_Your goal:_ Each line below must be transcribed exactly, and no picture may appear in the transcription.

---------- Dataset extract ----------

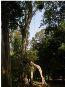
à inconnu observée le 2 mars 2006 par Genevieve Botti

Réseau Tela botanica, Programme Flora Data, version dynamique.
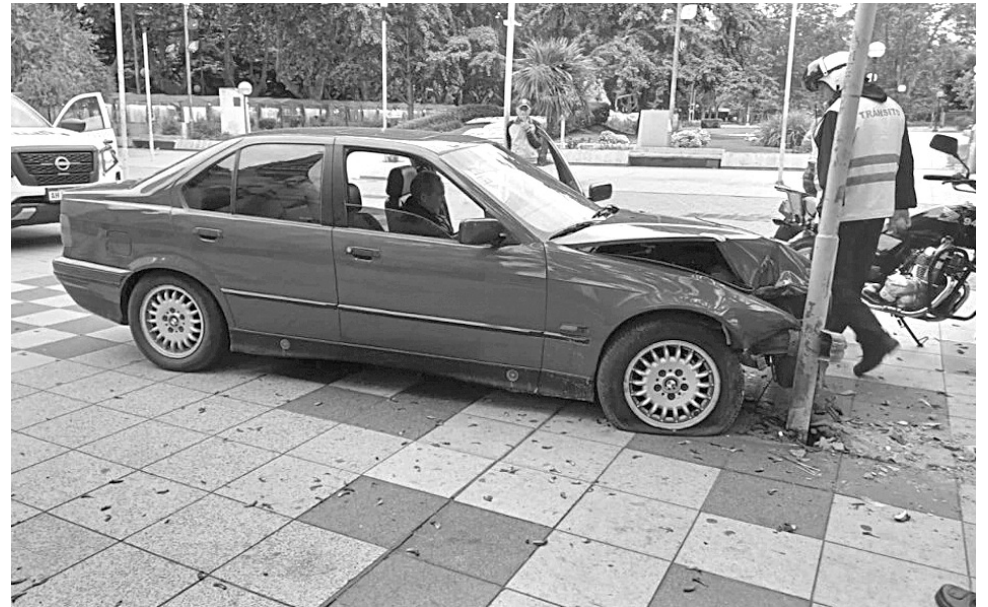
El BMW embistió una columna de alumbrado frente a la Catedral.

De inmediato se hizo presente en el lugar personal de la Dirección Municipal de Tránsito que, por protocolo, realizó el control de alcoholemia, el cual fue definitivamente positivo: estaba con 1,97 mililitros por lo que se labraron las

----------

_Written reply:_
à inconnu observée le 2 mars 2006 par Genevieve Botti

Réseau Tela botanica, Programme Flora Data, version dynamique.
El BMW embistió una columna de alumbrado frente a la Catedral.

De inmediato se hizo presente en el lugar personal de la Dirección Municipal de Tránsito que, por protocolo, realizó el control de alcoholemia, el cual fue definitivamente positivo: estaba con 1,97 mililitros por lo que se labraron las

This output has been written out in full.